Die erfolgreiche Übernahme des Werks der Naturkräfte durch die technologisch aufgerüsteten Menschen der Moderne aber hat einen Preis. Mit dem Vermögen wechselt auch die Verantwortung für die angeeigneten Prozesse. Um noch ein letzesmal Eliade zu Wort kommen zu lassen: Es war unmöglich, sich an die Stelle der Zeit zu setzen, ohne zwangsläufig dazu verurteilt zu sein, (…) ihr Werk selbst dann zu tun, wenn man kein Verlangen mehr danach hatte.xix Die dunklen Seiten des plastic age sind Ausdruck dieser neuen, weder hinreichend bedachten noch übernommenen Verantwortung für die nachkulturelle Existenz der Kunststoffe, für ihr von keines Menschen Verlangen (und offensichtlich auch von zu wenig anderen Organismen) getragenes Nachleben als Abfall, Mikropartikel und Sediment.

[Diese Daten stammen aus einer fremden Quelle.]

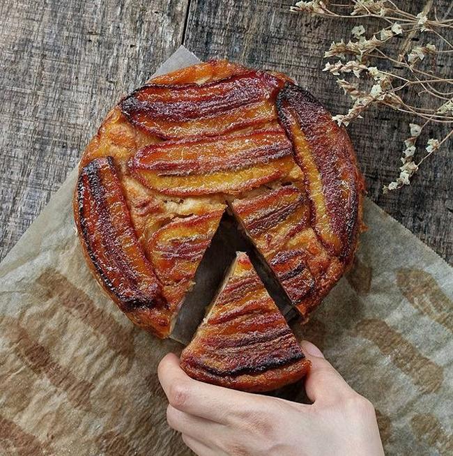 - Để bánh có nhiều lớp đẹp mắt, chúng ta cần xếp xen kẽ hỗn hợp và chuối lát theo thứ tự như sau: hỗn hợp sau đó đến chuối rồi lại hỗn hợp và lại là chuối. Nên chọn những lát chuối đẹp nhất để thực hiện cho phần chuối bề mặt trên cùng của bánh giúp chiếc bánh trông ngon miệng hơn.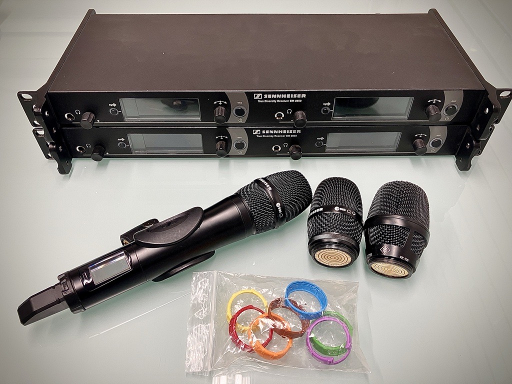 Wireless microphone set consisting of two EM2050 receivers (516–598MHz), one SKM2000 handheld transmitter with a 935 capsule, and one Neumann KK205 capsule. Suitable for professional audio applications requiring high-quality wireless transmission and versatile capsule options.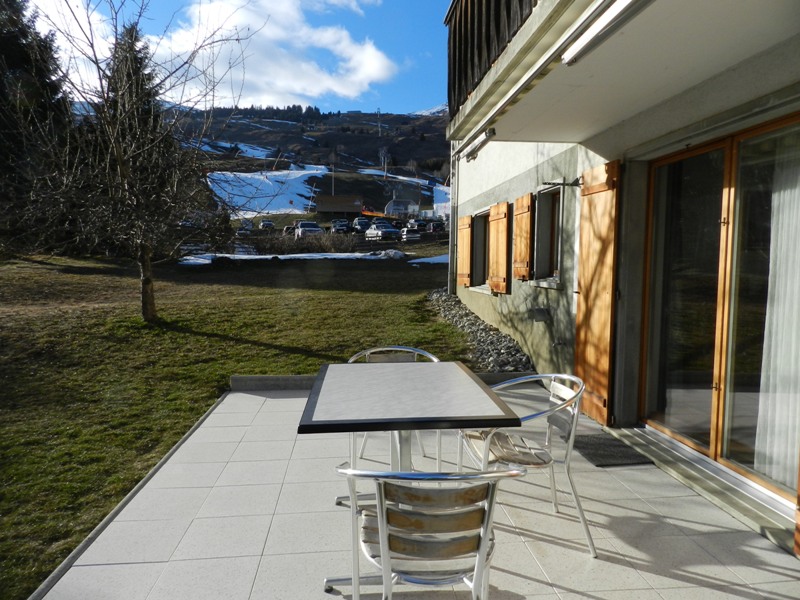 Schöne helle 3.5 Zimmerwohnung mit Sitzplatz und Liegewiese. Der Sessellift ist nur ca. 100m entfernt. Dorfladen, Bank inkl. Bankomat und Arzt nicht weit entfernt.
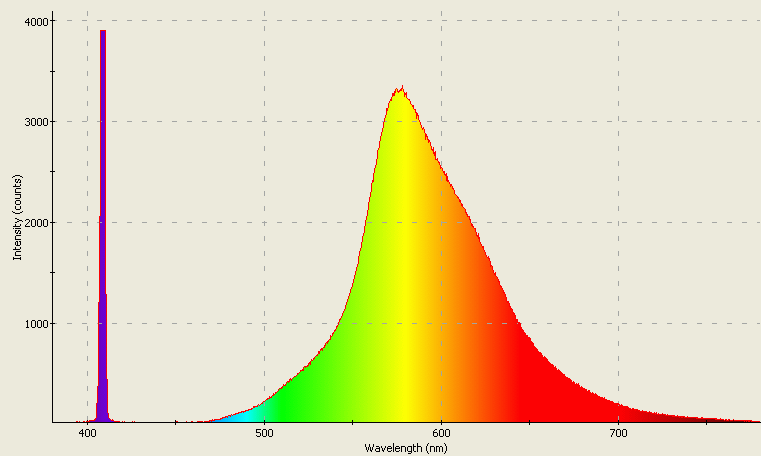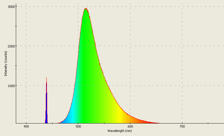 Spectrographic analysis of the fluorescence of the outer casing of the yellow tape measure from this set when irradiated with the 5mW Violet Laser Module.
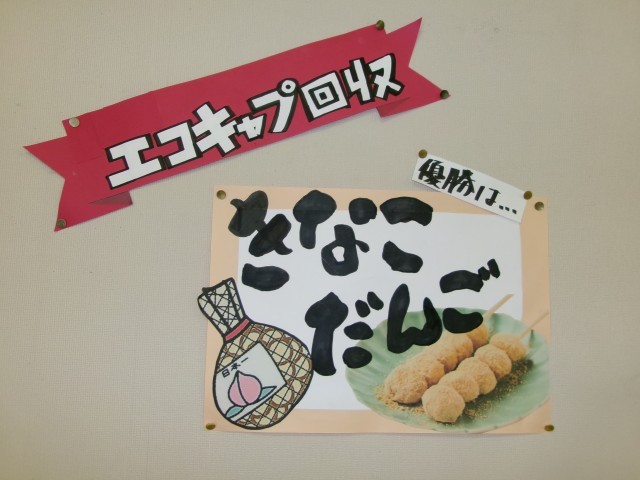 今日の給食は、生徒会主催のペットボトルのキャップを使った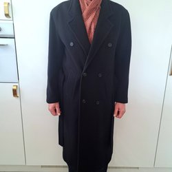 En mycket stilren mörkblå ullkappa från Lloyd's (Business Class) i storlek 54-56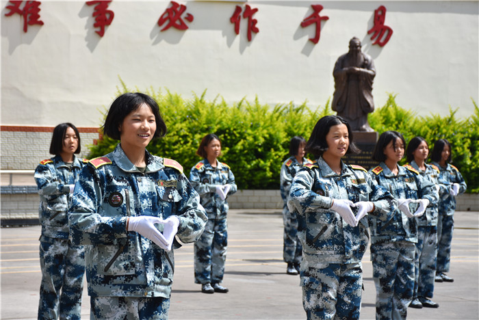 基本的隊(duì)列表演完畢后,女生方隊(duì)進(jìn)行了手語操《厚德載物》和女兵操《請(qǐng)不要叫我女孩》的表演,鏗鏘亦溫柔,舉手投足間煥發(fā)出勃勃生機(jī),將會(huì)操表演推向了高潮。男生方隊(duì)也毫不遜色,擒敵拳、匕首操更是勢(shì)如霹靂,強(qiáng)健的體魄展現(xiàn)出堅(jiān)定的意志,自律自強(qiáng)的品質(zhì)中綻放出青春的色彩,展現(xiàn)了當(dāng)代軍人的風(fēng)采。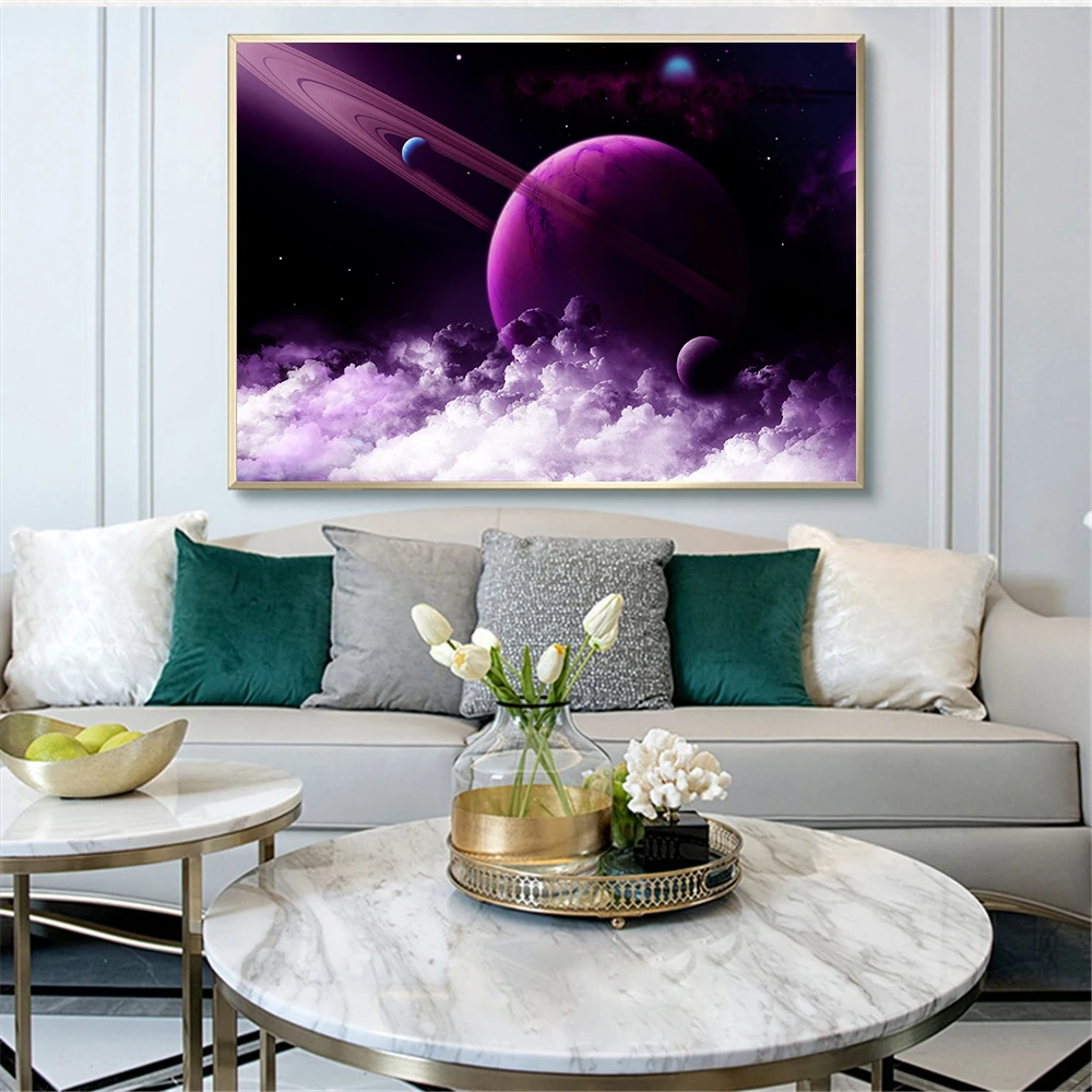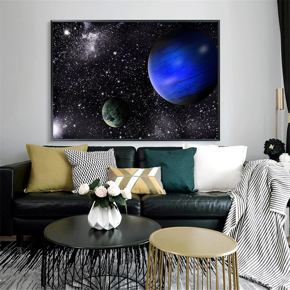 Постер с космосом и луной, Раскрашивание на холсте, Раскрашивание н...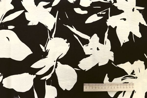 Лен БОХО принт/цветы черные на молочном 4077-PY/D#18/C#1
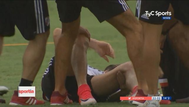 El delantero de River se lesionó durante la práctica de hoy, en Orlando: intentó ejercer presión en un ejercicio, realizó un mal movimiento y cayó el piso. Los estudios confirmaron que tiene un esguince de rodilla izquierda.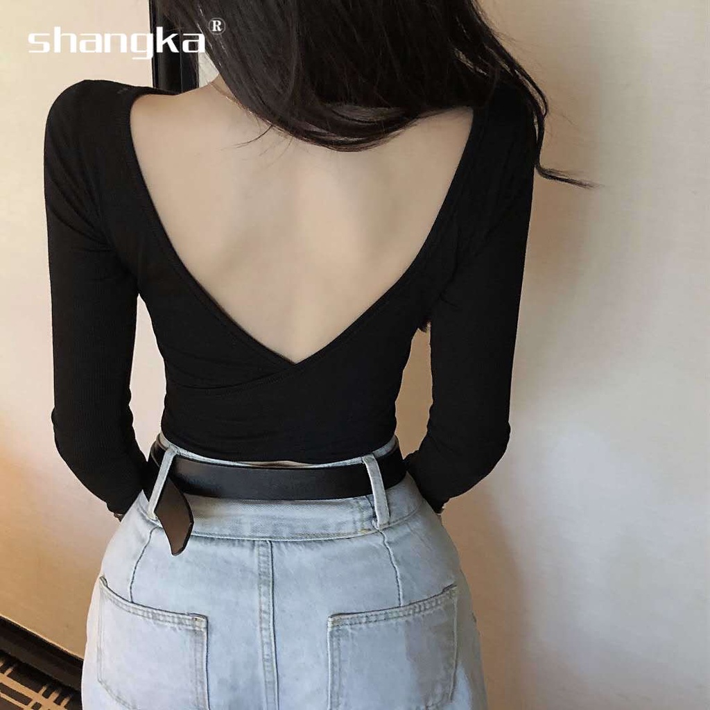 Show Chest Sexy Croptop Woman Halter Tight-Fitting T Shirt for Women Long Sleeve Black Navel Deep V-neck Crop Top Bottoming Shirt Slim Fit Tshirt Elegant Tops Woamn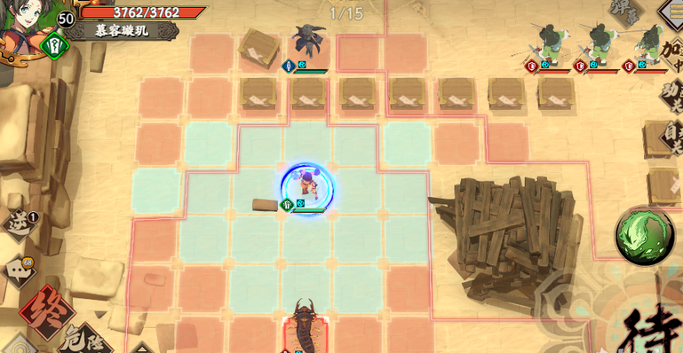 中间三人组,夏侯仪先上来用地火覆盖boss的地形,古伦德攻击,然后封铃笙给古伦德加血。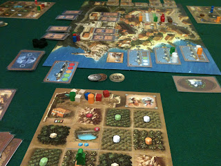 O mais legal desta partida foi que todo mundo pegou o “jeito” do jogo rapidamente e passaram a prestar atenção nas ações dos outros. Um jogador sempre atrapalhava o outro, ocupando os lugares livres das ações alternativas de cada carta ou construindo edifícios almejados pelos adversários.

Die Plastikzeit ist eine alchemistische Zeit. Weder ihre Erfolge noch die durch sie hervorgebrachten Probleme lassen sich auf eine Dimension technischer Machbarkeit reduzieren. Alte Mythen lehren uns, dass neue Wesen leichter in die Welt gebracht sind als sie aus ihr wieder heraus befördert werden. Schöpfung ist eine schnelle Angelegenheit, ihre Eingliederung obliegt der Zeit – des Mythos, der Geschichte, der Evolution, der Erosion und der Sedimentierung. Gehört Plastik zu einer Geschichte des Organischen oder des Mineralischen? Vermutlich beides. Vielleicht wird man in Zukunft das geologische Alter des Öls wertschätzen lernen müssen. Vielleicht wird man eine neue Kategorie finden, die das Soziale, das Organische und das Mineralische ineinander verschränkt, um der organisch-mineralischen KulturNatur des Plastiks gerecht zu werden.

Alexander Klose
berlinergazette.de

Dieser Artikel steht unter einer Creative Commons (CC BY-NC-ND 3.0) Lizenz.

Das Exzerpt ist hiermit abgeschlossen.